Of course, other atrocities were committed during the course of the war, notably in Japanese prisoner of war camps and the treatment of civilians in occupied Japanese territory. Arguably, the dropping of two nuclear weapons by the United States on Japanese cities (Hiroshima, Nagasaki) and the British fire-bombing of German cities such as Dresden, were also indiscriminate actions, causing unnecessary civilian deaths and casualties not justified by legitimate military objectives.

However, the sheer scale of the Holocaust, its meticulous government organisation, and its targeting of specific ethnic groups made it a unique “international crime”.

Economic matters, though, were also important to the victors of the 1939-1945 world war (principally the United States, France, Russia, the United Kingdom and China). Some believed that Germany’s economic condition had contributed to the rise of the Nazi party and the outbreak of the 1939 European war. Everyone accepted that all States had suffered in the Great Depression of the 1930s.

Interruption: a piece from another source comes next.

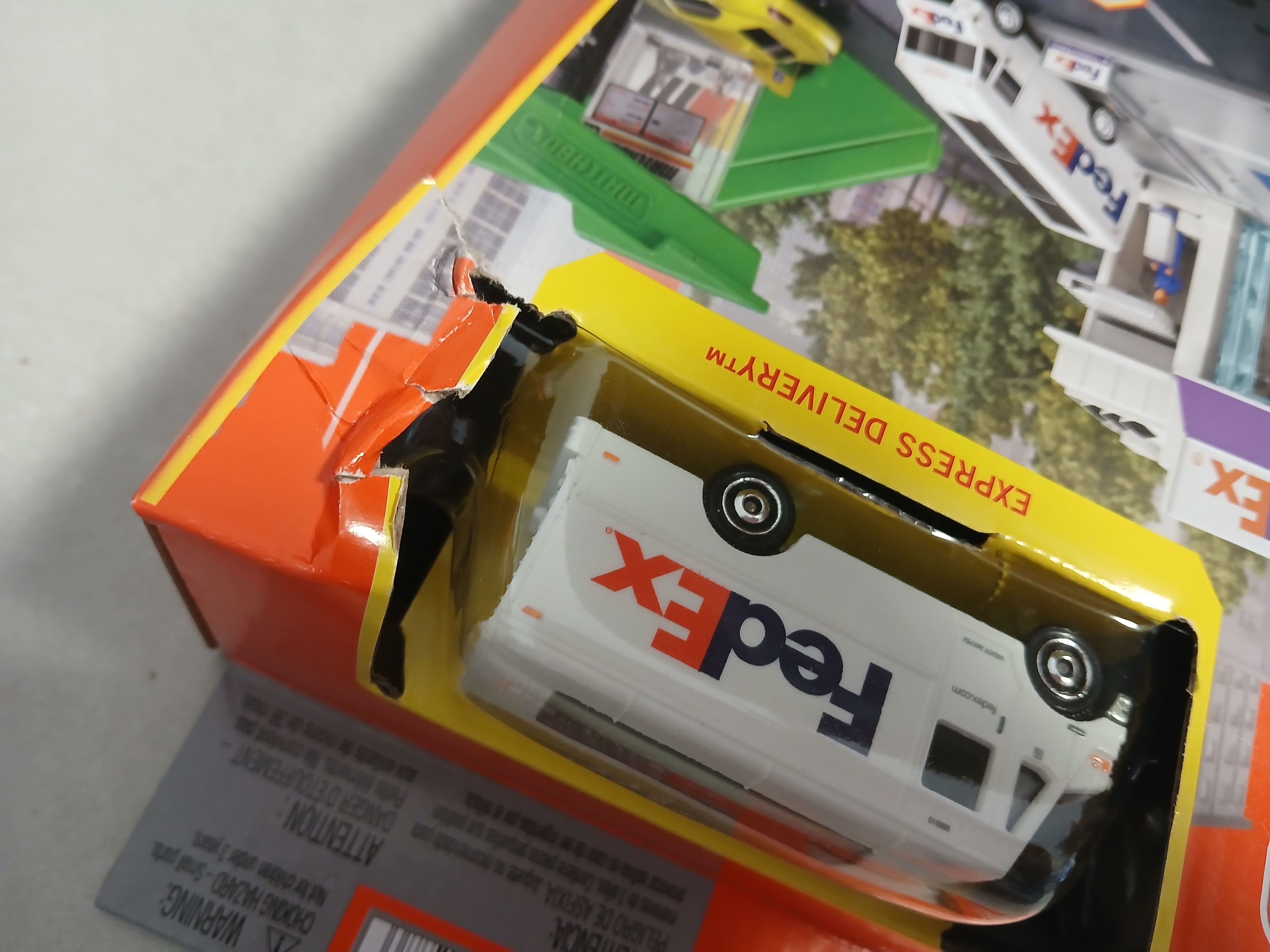 Matchbox Prawdziwe Przygody Centrum Wysyłkowe Fedex + pojazd HLY62 - uszkodzone opakowanie

It was generally agreed that two major problems had contributed to the collapse of the world economy in 1929. First, “protectionism” – that is many States restricted trade with each other by placing high “tarrifs” (or taxes) on imported foreign goods. This slowed world trade, hurt all countries who relied on export income and often made locally made goods more expensive (by shutting out cheaper imported components). The second problem was “exchange rate devaluation”, which is too complex to explain here.

In this context, the victors of the 1939-1945 (or 1937-1945) war all agreed on certain things:
(1) there needed to be a better international trade system, one designed to reduce or eliminate tariffs;

(2) there needed to be a new international organisation to try and prevent the outbreak of war between States; and

(3) there needed to be a new respect for “human rights” and new categories of “international crimes” to prevent something like the Holocaust happening again.

From this consensus we can see the origins of the idea for a world trading organisation, a united nations organisation, a system of human rights and crimes against humanity, and an international criminal court. Not all of these things happened at once; indeed, it was not until the 1990s that one could see institutions and laws reflecting all these 1945 goals.

Now we have the World Trade Organisation or WTO (and World Bank and International Monetary Fund), the United Nations, the Universal Declaration on Human Rights and various human rights treaties, the Genocide Convention and other international crimes (as a type of human rights protection) and an International Criminal Court or ICC.

This course will study key aspects of the UN security system to prevent war, the WTO system to promote global trade, the crime of genocide and the new ICC.